Его не нужно было подгонять. Миррина это знала. Кузнечное дело Арзак любил, как скачку на быстром коне, как волю, как степь. К горну Старик приучил его с малых лет.

В груде вещей, принесенных соседями для починки, Арзак выбрал котел с прохудившимся дном, взял пластинку из меди, примерил и пошел стучать молотком. Медные клепки одна за другой ложились на край, прижимая заплату к котлу. Работа простая, требующая ловкости, не мастерства и лучше разделаться с ней поскорей, тогда останется время для отливки пантеры. Одатис может вернуться из царского стана хоть завтра. Арзаку очень хотелось сделать пантеру к приезду сестры.

Последняя клепка встала на место. Арзак вбил ее в медь и поднял котел днищем к солнцу. Ни один самый тоненький луч не светил из-под края заплаты, значит удержится и вода.

— Сделал, — сказал сам себе Арзак. Этим словом Старик отмечал удавшуюся работу.

— Не сделал, — раздалось за спиной.

Арзак вскочил, не выпуская котла из рук.

— Не сделал. — Старик ткнул пальцем в стенку у горловины и направился к горну.

Сейчас будет вынут горшок с вмазанной крышкой и через малое время будет разбит. Так всегда происходит на утро после ночи полной луны. Но Арзак не хотел смотреть в сторону горна. Ему было стыдно. Какой он воин, если, думая о пантере, он перестал слышать степь и не расслышал шагов Старика? Какой он кузнец, если не разглядел следы отвалившихся ручек и Старик ему указал на вмятину. Нет, никогда ему не узнать заветные тайны металла.

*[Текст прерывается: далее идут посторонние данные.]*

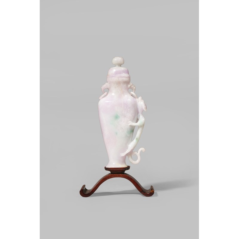 A CHINESE LAVENDER JADEITE VASE AND COVER

— Арзак, смотри! — крикнула Миррина.

Арзак не обернулся. Он взял толстый прут и пошел к своей наковальне. Рабочее место у него было собственное.

— Все равно услышишь, — рассмеялась Миррина, — а слышать и знать, что означает звук, почти то же, что видеть.

Миррина была права. Вот раздался тяжелый глухой удар, и Арзак словно увидел, как Старик опустил молоток на крышку; треск — развалился горшок из непрочной глины; звон с перестуком — освобожденные наконечники рассыпались по каменной наковальне. Со вчерашнего дня они томились в горшке вместе с обрезками козьей шкуры и костями. Жар закалил их, кости придали крепость. Стоит насадить такой наконечник на древко и пустить в разящий полет, он пробьет любую твердую цель, даже плиту из меди, если встретит на пути.

Тайну негнущихся наконечников, пробивавшихся толстую медь после закалки в горшке, — эту тайну Арзак давно знал. Неужели ему никогда не откроется тайна нетупеющих акинаков?

До высокого солнца старик и Арзак работали. Старик сдирал с наконечников заусенцы и наплывы. Арзак прилаживал к горловине котла затейливо скрученные ручки.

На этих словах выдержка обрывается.